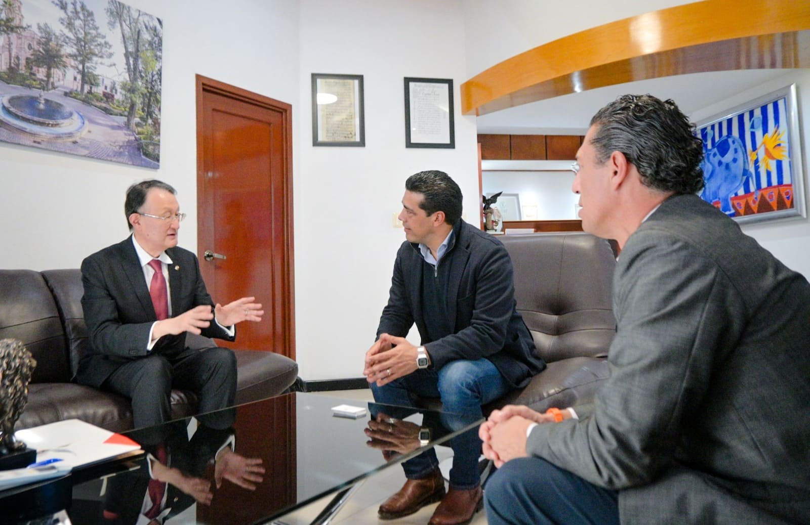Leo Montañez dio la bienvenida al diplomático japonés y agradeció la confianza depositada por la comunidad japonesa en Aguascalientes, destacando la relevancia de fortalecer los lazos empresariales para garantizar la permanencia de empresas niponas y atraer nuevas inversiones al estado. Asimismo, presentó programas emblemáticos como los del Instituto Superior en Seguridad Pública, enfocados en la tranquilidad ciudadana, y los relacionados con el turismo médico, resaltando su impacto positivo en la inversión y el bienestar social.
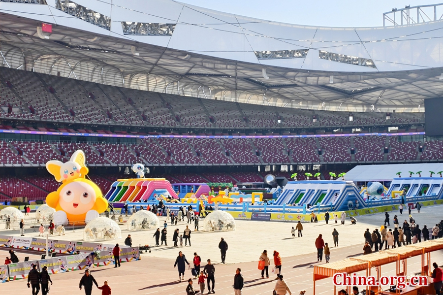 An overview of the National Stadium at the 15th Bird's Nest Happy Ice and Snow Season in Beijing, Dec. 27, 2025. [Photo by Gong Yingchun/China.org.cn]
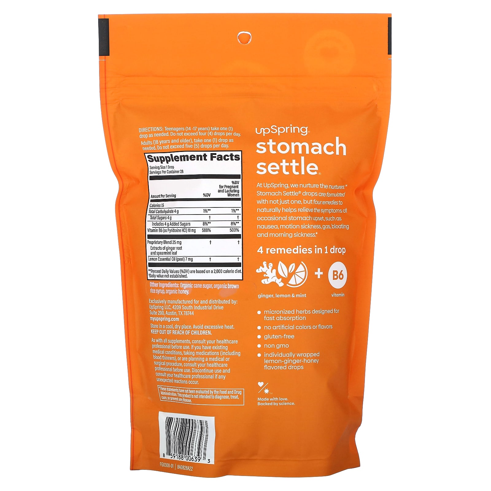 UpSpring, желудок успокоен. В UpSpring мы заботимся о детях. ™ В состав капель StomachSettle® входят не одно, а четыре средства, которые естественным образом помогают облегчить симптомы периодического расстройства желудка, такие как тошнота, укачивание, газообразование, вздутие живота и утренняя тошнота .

———

*What is needed:*
Please restate exactly the lines from the one containing "An overview of" down to the end of the material, both ends kept, and do not include the pictures.

*Response:*
 An overview of the National Stadium at the 15th Bird's Nest Happy Ice and Snow Season in Beijing, Dec. 27, 2025. [Photo by Gong Yingchun/China.org.cn]
 UpSpring, желудок успокоен. В UpSpring мы заботимся о детях. ™ В состав капель StomachSettle® входят не одно, а четыре средства, которые естественным образом помогают облегчить симптомы периодического расстройства желудка, такие как тошнота, укачивание, газообразование, вздутие живота и утренняя тошнота .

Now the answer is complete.